RED HOOK — Cunard’s Queen Mary 2 sailed into New York on Tuesday morning with a parade of ships celebrating the company’s 175th anniversary commemorative Transatlantic Crossing.
Cunard’s anniversary festivities will culminate Tuesday night with a light and music show displayed on Queen Mary 2 as she leaves for the return journey back across the Atlantic at about 9:30 p.m. She will stop in front of the Statue of Liberty during the show, which can be viewed by the public from Battery Park.
Earlier in the day, the anniversary will be marked by the ringing of the closing bell at the New York Stock Exchange on Tuesday afternoon by Capt. Kevin Oprey, master of the QM2.
Tuesday morning's parade of ships and vessels welcomed the ocean liner as it arrived at a port in Red Hook, including Mary A. Whalen, a historic oil tanker and base of maritime nonprofit PortSide NewYork.
Other boats in the flotilla included Eric R. Thornton, Cornell and John J. Harvey Fireboat.

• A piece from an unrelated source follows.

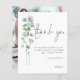 Um valor para o alternativo do ORÇAMENTO em tamanho menor de 4,5 x 5,6" de semirbrilho de 110 lbs, que é de espessura semelhante a um cartão postal (no entanto, não é adequado para uso como cartão postal). POR FAVOR, OBSERVE QUE HÁ UM convite por folha. Chá de fraldas Eucalyptus Foto Obrigado. Estilo moderno minimalista com esta botânica com folhagem de aquarela fluindo para baixo no lado esquerdo e texto para a direita. Um script de estilo manuscrito para Obrigado e o resto do texto que você pode personalizar facilmente. Substitua a imagem de exemplo no verso pela sua foto favorita do seu choro.

“The culmination will be the end of a journey that pays tribute to the original voyage made my Cunard’s first flagship, Britannia, as the company inaugurated the first scheduled mail and passenger service across the Atlantic on July 4, 1840,” the company said in a statement.
Cunard, which operates ocean liners Queen Mary 2, Queen Victoria and Queen Elizabeth, has docked and sailed out of Red Hook since 2006.

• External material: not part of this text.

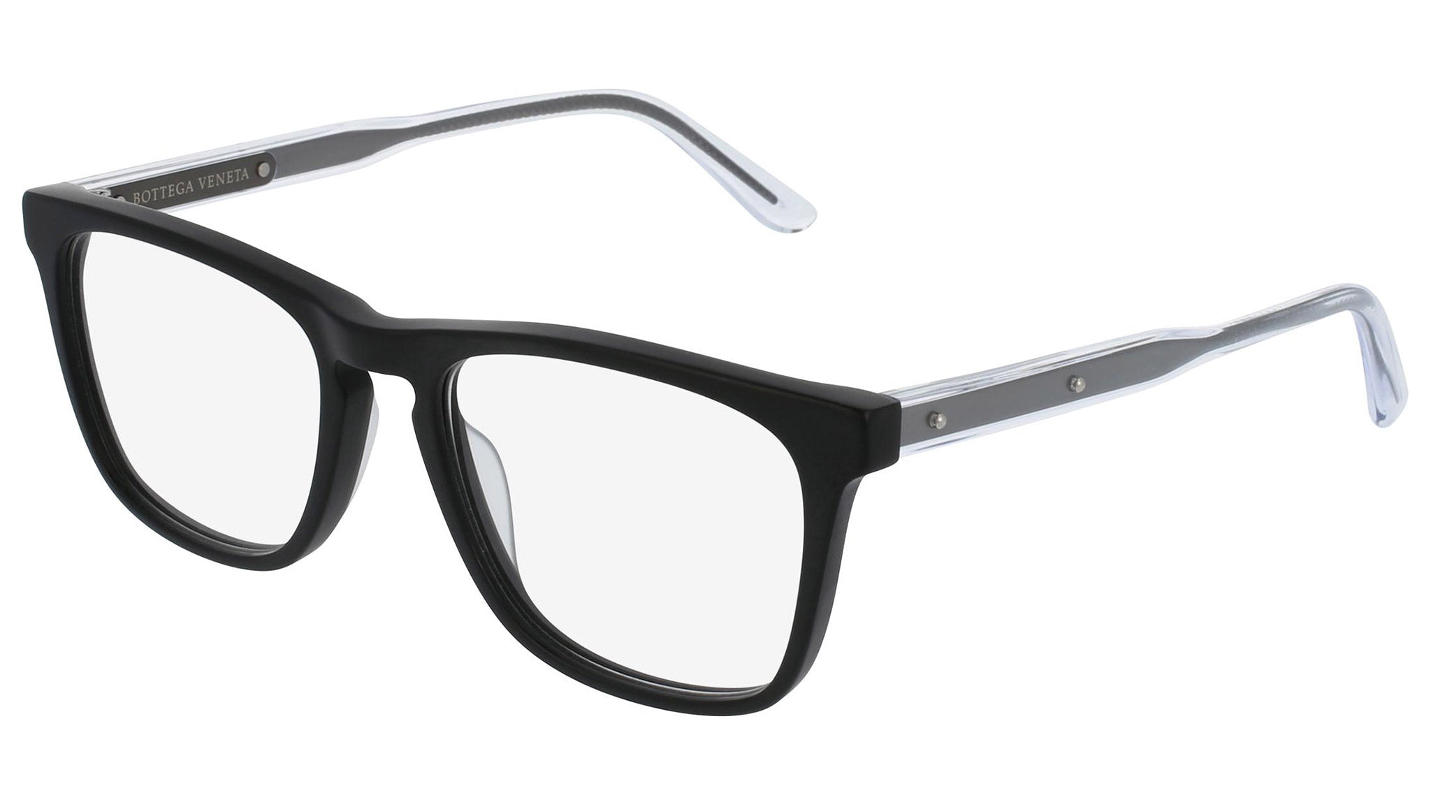 Occhiali da vista Bottega Veneta modello 0048O 001 featuring matte black front frame and crystal temple.

At roughly 6 a.m. Tuesday morning, spectators on the welcoming vessels took in the sight of Queen Mary 2 floating toward Brooklyn as the sun rose over Manhattan and the Statue of Liberty. People aboard the ocean liner gathered on the deck to watch the scene as well.

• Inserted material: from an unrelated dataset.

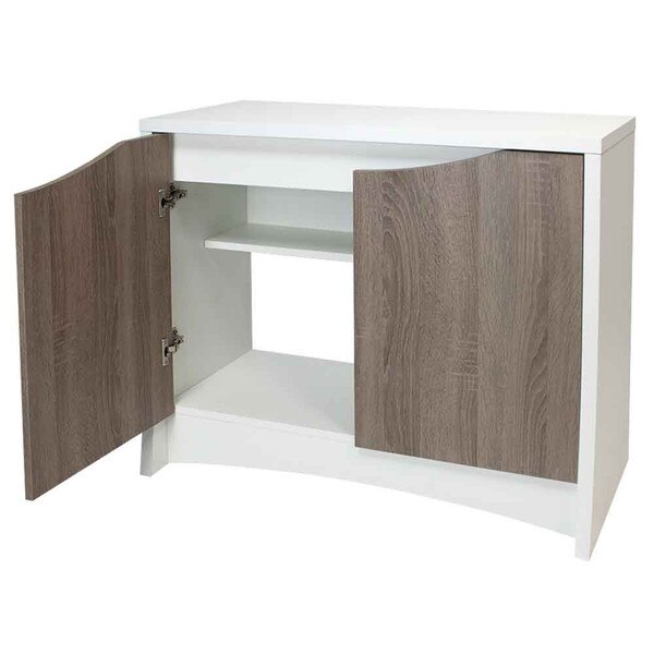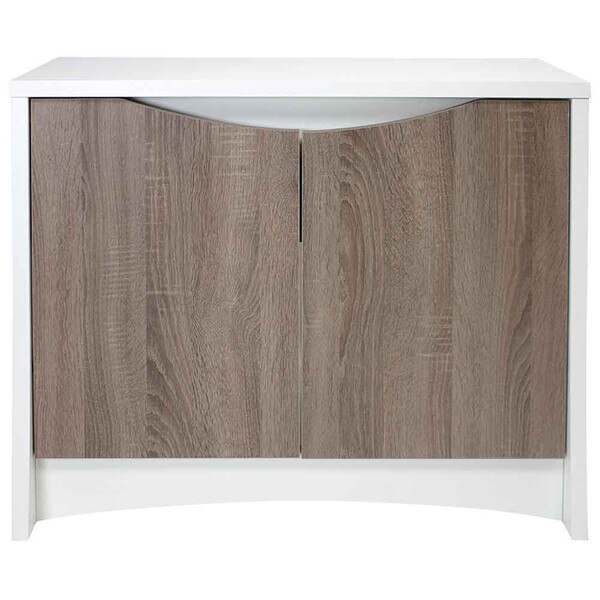 Sturdy cabinet in black with Ash grain-look doors and a gloss edge

On Mary A. Whalen and tugboat Cornell — which pulled the oil tanker — students and adults from Red Hook, Sunset Park, Carroll Gardens and other parts of Brooklyn watched as the enormous liner eased past.
Mary. A Whalen was recently moved to Pier 11 in the Atlantic Basin, where it will remain for three years.
According to Cunard’s website, Queen Mary 2 left Liverpool in the United Kingdom July 4, the same date as its first ship Brittania in 1840. It crossed to Halifax then headed south to Boston and finally New York.